If he needs freedom on the court, he's at the wrong team. Rivers gives nobody any freedom.


----------



## Pain5155 (May 28, 2006)

He wont be as good as Foye when its all said and done.


----------



## Causeway (May 18, 2005)

Why.


----------



## #1AntoineWalkerFan (Mar 10, 2005)

omg telfair is wearing number 30...i hope thats not a bad sign of things to come


----------



## aquaitious (Jun 11, 2002)

Who's wearing 0? Powe or Rondo? 

Either way I wanna uke:


----------



## MiNCED (May 24, 2006)

Rondo has #9


----------



## Causeway (May 18, 2005)

New Video 

New Telfair video on youtube. This one is during a Knicks game in '05. It's cut so it only shows when he was running the offence. He simply understands being a PG. When you see him he knows what's going on and he's trying to get teammates involved. He is not like Marcus, he actually has legit playmaking skills. He also can get to the basket at will. Video also shows his three shot.


----------



## ScottyMcG (Nov 27, 2005)

I LOVE IT!!! Not that I'm content with this notion; but is it possible that this is Dan's big trade this off-season? Mr. Telfair may just be our ticket to the first, or HOLY SHUCKS???? 2nd round!!!??? I believe that.

Although I still say "Make the Move Danny!!!"

Get us Iverson, and possibly, just POSSIBLY, the Eastern Conference Semis come to US!!!

Yeah. It's the Semis. But it's a hell-of-a-lot-more fun than regular season!!!

-Scott


----------



## Causeway (May 18, 2005)

Jefferson likes new shade of Green 



> Telfair, according to Jefferson, may be that important an addition. Both came out of high school to join the NBA draft in 2004, and the two are already old friends.
> 
> “I’ve been playing with and against Sebastian since high school, and I have nothing but good things to say about him,” said Jefferson, who combined with his new teammate for several nice sequences during yesterday’s scrimmage.
> 
> *At one point, after setting a pick on the right elbow for Telfair, Jefferson cut down the lane. Telfair fired a bullet pass past three defenders and hit the palm of Jefferson’s right hand for an easy layup the moment he reached the basket*.

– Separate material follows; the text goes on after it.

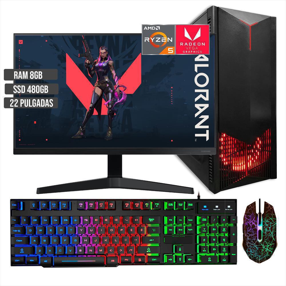 Computador Pc Torre Gamer Legion Amd Ryzen 5 3400G Ssd 480Gb Ram 8Gb Led 22 Full Hd

love it...bring on the season!


----------



## aquaitious (Jun 11, 2002)

Causeway said:


> Jefferson likes new shade of Green
> 
> 
> 
> love it...bring on the season!


The shade is too dark:



> I think we’re a playoff team right now.


Sorry I find it hard to believe that Telfair, Rondo and Ratliff are going to bring a team into the playoffs right away, after being back by seven games the previous season.


----------



## Causeway (May 18, 2005)

Believe it!


----------



## Causeway (May 18, 2005)

And don't forget about Powe. He's a very nice pickup for us.


----------



## #1AntoineWalkerFan (Mar 10, 2005)

if healthy, ratliff could be our biggest pickup...hes a force down low defensively and is worth (almost) every penny of his contract if he can play 82 games


----------



## tlong (Jan 6, 2003)

Telfair is a 5-11 point guard that can't shoot. Good luck with that.


----------



## mqtcelticsfan (Apr 2, 2006)

With some good health, we're a playoff team, I'm about sure of it. A contender at this point? Hell to the no. But a 7 or 8 seed, I think.


----------



## mqtcelticsfan (Apr 2, 2006)

tlong said:


> Telfair is a 5-11 point guard that can't shoot. Good luck with that.


But he's fast, a good passer and a true PG. Unlike Portland, we run an offense that works with Telfair's game. Remember that.


----------



## TiMVP2 (Jun 19, 2003)

In the movie,didn't he call Al Jefferson country?


----------



## Causeway (May 18, 2005)

MDIZZ said:


> In the movie,didn't he call Al Jefferson country?


yes. but he called anyone on that bus not from NY "country".


----------